• _What you need to do_
Leave out all pictures while repeating the records exactly and completely.
= = = = =
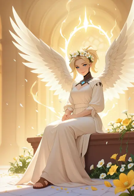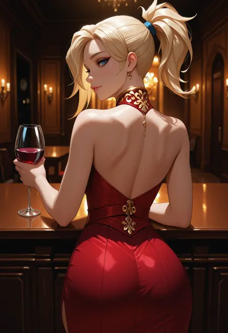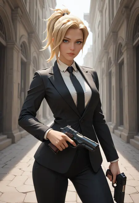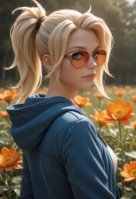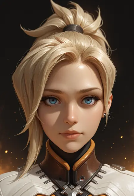 OMercy, 1girl, blonde hair, ponytail, blue eyes
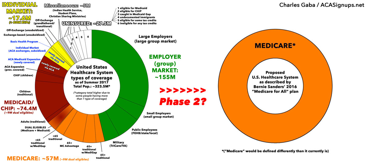 "Team Bernie", in essence, consisted of progressives (and Democrats) who believe that while the ACA may have improved things to some degree in some ways, it not only isn't enough long-term, it isn't nearly enough short-term either; the next step (and for many, the only acceptable next step) must be moving the entire U.S. population over to a universal Medicare-style Single Payer system, with everyone in the country being covered through a single, comprehensive healthcare program funded entirely (or nearly entirely) by taxes.
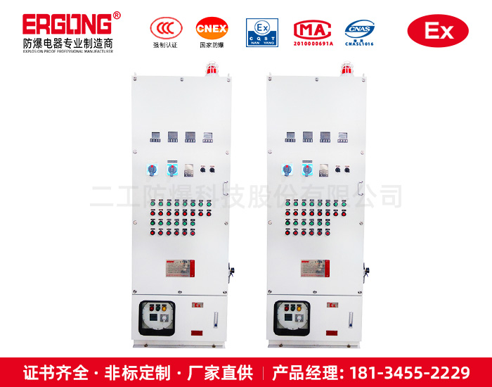 2.防爆动力(电磁起动)配电箱采用复合型,模块结构,各回路可根据需要自由组装,一般开关箱采用隔爆型结构,母线箱出线箱采用增安型结构.
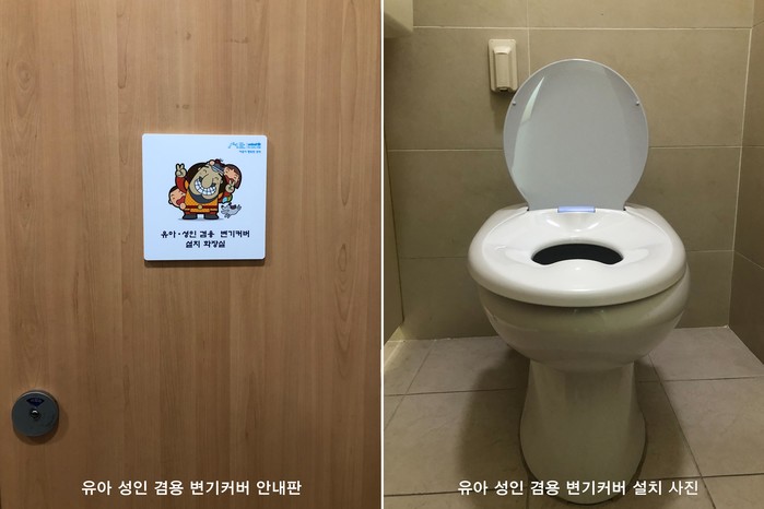 비데가 있는 화장실은 탈부착형 변기커버, 일반 화장실은 일체형 변기커버를 설치했고, ‘유아·성인 겸용 변기커버 설치 화장실’ 안내판을 출입문에 부착해 알아보기 쉽게 함과 동시에 아동친화도시 인증 로고를 함께 삽입해 홍보 효과도 극대화 했다.
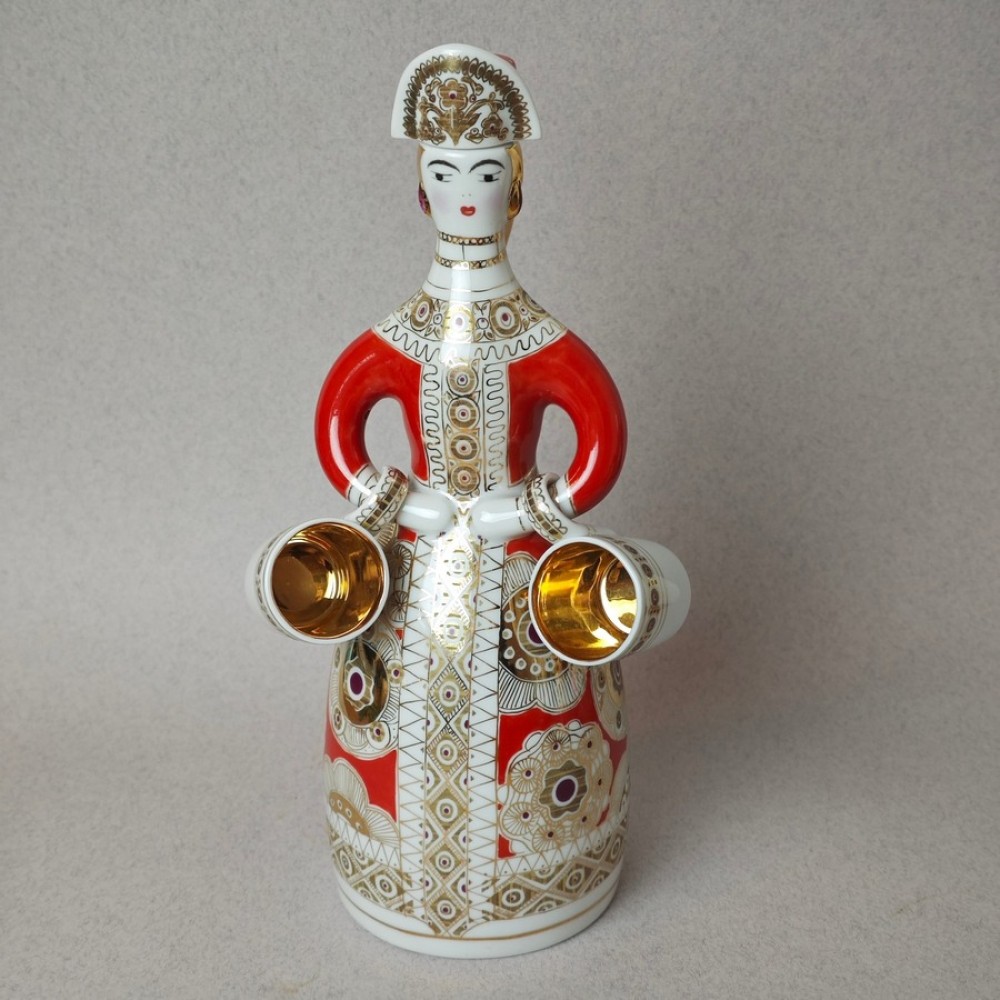dUnique Russian wine set red sarafan Lomonosov porcelain.
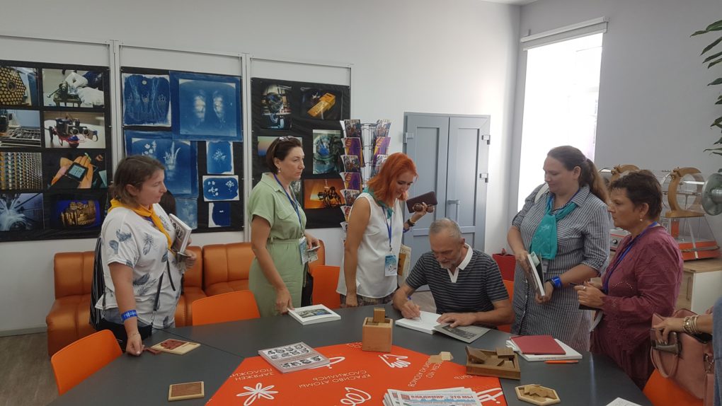 Все посетители семинара смогли познакомиться с работами художницы, сотрудницы Музейного центра «Площадь Мира» Анастасии Безвершук из Красноярска, а также с фотографиями атомных объектов и фотозарисовками с «Атомного велопробега», сделанными системным администратором ИЦАЭ Владимира Михаилом Токаревым.
= = = = =
• _Your response_
 OMercy, 1girl, blonde hair, ponytail, blue eyes
 "Team Bernie", in essence, consisted of progressives (and Democrats) who believe that while the ACA may have improved things to some degree in some ways, it not only isn't enough long-term, it isn't nearly enough short-term either; the next step (and for many, the only acceptable next step) must be moving the entire U.S. population over to a universal Medicare-style Single Payer system, with everyone in the country being covered through a single, comprehensive healthcare program funded entirely (or nearly entirely) by taxes.
 2.防爆动力(电磁起动)配电箱采用复合型,模块结构,各回路可根据需要自由组装,一般开关箱采用隔爆型结构,母线箱出线箱采用增安型结构.
 비데가 있는 화장실은 탈부착형 변기커버, 일반 화장실은 일체형 변기커버를 설치했고, ‘유아·성인 겸용 변기커버 설치 화장실’ 안내판을 출입문에 부착해 알아보기 쉽게 함과 동시에 아동친화도시 인증 로고를 함께 삽입해 홍보 효과도 극대화 했다.
dUnique Russian wine set red sarafan Lomonosov porcelain.
 Все посетители семинара смогли познакомиться с работами художницы, сотрудницы Музейного центра «Площадь Мира» Анастасии Безвершук из Красноярска, а также с фотографиями атомных объектов и фотозарисовками с «Атомного велопробега», сделанными системным администратором ИЦАЭ Владимира Михаилом Токаревым.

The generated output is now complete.